15.    Ali Afkar dari Yogyakarta

Ini adalah peperangan yang tidak seimbang. Yaman negara miskin dan dari sisi militer tidak begitu kuat, namun dikepung oleh negara-negara kuat di dunia seperti Amerika Serikat, Perancis, Inggris dan Arab Saudi dan sekutunya. 

Meskipun Yaman dilanda peperangan dan d tindas negara-negara kuat, namun negara tersebut tetap setia membela Palestina yang juga tertindas oleh rezim Zionis Israel. Semoga Allah Swt memberikan kemenagan kepada Yaman dalam mengahadpi agresi militer Arab Saudi cs.

16.    Jarni Adiwangsa Mumpuni Pranawa dari Jakarta

Setiap gerakan militer yang mendapat dukungan dari Amerika Serikat hampir negara-negara berkembang tidak berdaya menghadapinya. Hanya Iran, Cina, Rusia dan Korea Utara yang berdaulat dan bisa menghentikan hegemoni AS di kancah International terutama di Timur-Tengah.

Hari ini tidak ada makan siang gratis dengan bantuan AS dalam agresi militer Arab Saudi Cs ke negara Yaman.  Yaman ibarat seorang wanita cantik yang menjadi incaran para pria hidung belang AS dan Arab Saudi cs, tapi mereka akan membayar mahal, sebab Yaman adalah negara para pejuang yang tak kenal gentar.

Yaman selain kaya sumber daya alam,  juga sangat strategis untuk dijadikan pangkalan militer sebagai basis mata-matai di Timur Tengah, dan bodohnya, Arab Saudi Cs diperbudak oleh kepentinngan mereka dengan menyerang negara saudaranya sendiri. Karena kebodohannya itu, Arab Saudi rela dijadikan sekutu abadi agar tidak kalah bersaing dengan Negara Iran khususnya.

17.    Yus Multimedia

Arab Saudi mestinya tidak serakah terhadap saudaranya hingga mengundang orang-orang kafir untuk membantai saudaranya. Segeralah bertaubat dan minta maaf jika ingin tidak di azab oleh Allah Swt. Jika tidak bertaubat, mereka tak ubahnya seperti binatang yang tidak punya perikemanusiaan demi cinta dunia yang sementara ini.

18.    Dian Yuliastuti

Doa tetap dilantunkan untuk kebebasan Yaman dari kezaliman Arab Saudi dan sekutunya.

19.    Nandoko

Serangan itu harus dihentikan dengan cara apapun supaya negara-negara Muslim bisa konsentrasi kepada isu Palestina dan upaya rezim Zionis Israel untuk mencaplok Palestina.
20.    Khofidin

Ya Allah selamatkan Yaman dan menangkan tentaranya setiap bertempur melawan musuh yang zalim.

21.    Etta Hasyimiah

Saya kagum dengan kelompok Yaman yang memiliki kekuatan ganda menghadapi serangan Arab Saudi dari segala penjuru. Meskipun kelompok mereka lebuh sedikit dari kelompok Al-Saud, namun ada pertolongan Allah Swt di bumi.

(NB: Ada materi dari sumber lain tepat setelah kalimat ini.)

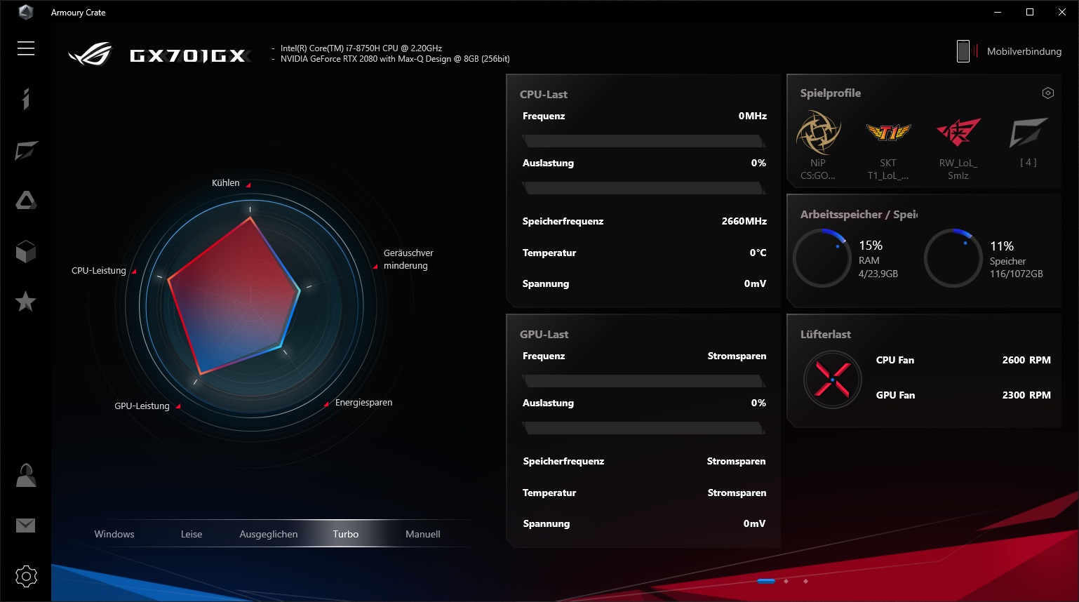 Zu einem guten Gaming-Notebook gehört auch die passende Software und hier bietet ASUS einiges an. Wir beginnen mit der Software „Armoury Crate“ – hier können nahezu alle Einstellungen zum Notebook eingestellt werden. Die Software ist gut strukturiert und lässt sich intuitiv bedienen. Auf der ersten Seite zeigt ein Diagramm die Auswirkungen des gerade gewählten Profils. In unserem Beispiel ist das Profil Turbo gewählt, wobei wir vorrangig die bestmögliche Leistung und Kühlung ohne Rücksicht auf Energieverbrauch oder Geräuschkulisse erreichen wollen. Neben den von uns gewählten Modus können noch vier weitere Modi gewählt werden. Wobei wir im Modus „Manuell“ alle Einstellungen mithilfe der Schieberegler weiter rechts erledigen können. Weiter werden hier auch die aktuellen Zustände von CPU, Speicher und Grafikkarte angezeigt.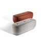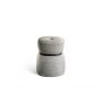 プーフ「Leplì」の構造はカバとポプラの積層板で、ブナ心材とボール紙補強材の仕切りが入っています。収納ボックス付きバージョンでは、両サイドのシェルは金型成型硬質ポリウレタン、 開閉メカニズムの金属パーツとファスナーはスチールとニッケル鍍金ザマックで作られています。カバーはカバの積層板です。ベースはポプラの積層板で、底部にアンチスクラッチブラックカラー塗装されたMDFが使用されています。座面のパッドには発泡ポリウレタン及びポリエステル繊維綿が使用されています(収納ボックス付きモデルはパッド付き構造で発泡ポリウレタン製カバーが付いています)。プーフ「Leplì」のカバー材はPelle Frau®、またはレザーの飾り帯で装飾されたファブリックです。カバー材がレザーのバージョンでは飾り帯はプーフと同じ色です。レザー製バージョンでは座面中央のボタンから伸びる4本のプリーツがプーフの輪郭に特徴を与えています。ファブリック製バージョンではプリーツの代わりにステッチがあしらわれています。

22.    Dwi Al Farisi dari Klaten Jawa Tengah

Apabila alasan seranganan ke Yaman itu hanya karena pengaruh Syiah di negara ini yang semakin besar, bukankan Syiah itu juga Muslim? Lalu kenapa harus menyerang saudara muslimnnya sendiri? Bukankah keyakinan itu merupakan Hak Asasi Manusia. 

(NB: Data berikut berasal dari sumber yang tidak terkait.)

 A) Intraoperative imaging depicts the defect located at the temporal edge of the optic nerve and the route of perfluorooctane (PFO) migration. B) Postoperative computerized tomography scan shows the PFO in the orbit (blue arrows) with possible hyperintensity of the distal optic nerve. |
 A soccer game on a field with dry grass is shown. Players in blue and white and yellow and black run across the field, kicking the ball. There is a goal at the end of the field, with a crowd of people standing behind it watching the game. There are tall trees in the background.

Apabila alasannya hanya karena minyak dan sebagainnya? Bukankah minyak dari Arab Saudi itu sudah membuat negara ini kaya? Sungguh miris ketika seorang Muslim menyerang saudara Muslimnya sendiri. Apalagi yang membantu menyerang adalah negara-negara non-Muslim. Lalu ada motif apakah di balik serangan ini?

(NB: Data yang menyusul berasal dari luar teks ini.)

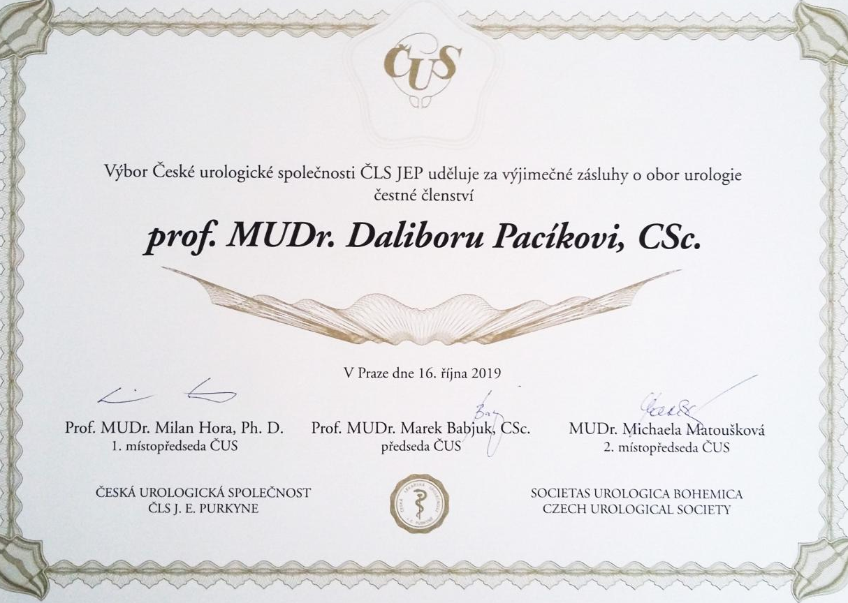 Vedení České urologické společnosti ČLS JEP udělilo přednostovi Urologické kliniky FN Brno a LF MU prof. MUDr. Daliboru Pacíkovi, CSc., čestné členství České urologické společnosti za výjimečné zásluhy o obor. Prof. Pacík byl takto oceněn jako vůbec první urolog z Brna a Jihomoravského kraje. Ocenění předal prezident odborné společnosti prof. MUDr. Marek Babjuk, CSc., v rezidenci primátora hlavního města Prahy.

23.    Luqman Hakiem dari Jakarta

Koalisi Arab Saudi semakin brutal di Yaman, kecaman PBB pung tak lagi di dengar. Adakah negara yang bersedia membantu Yaman?

24.    Hashimi Ashari

Ya allah selamatkan Yaman dan menangkan tentaranya tiap bertempur melawan musuh yang zalim dan tidak berperikemaknusian serta kufur nikmat ini.

25.    M Razif Al-Fathani

Ini bukan lagi soal perang yang di landasi konsensus yang di tetapkan PBB, tetapi adalah nyata pembantaian yang dilakukan oleh Bani al-Saud bersama kawan karibnya yaitu Amerika Serikan dan koalisinya. Jika motifnya adalah politik dan persoalan mazhab maka menurut prediksi tidak akan sekejam ini. Ini murni ketidak sukaan Bani al-Saud terhadap Yaman, sebab dulu Yaman berada dibawah kekuasaan kerajaan al-Saud.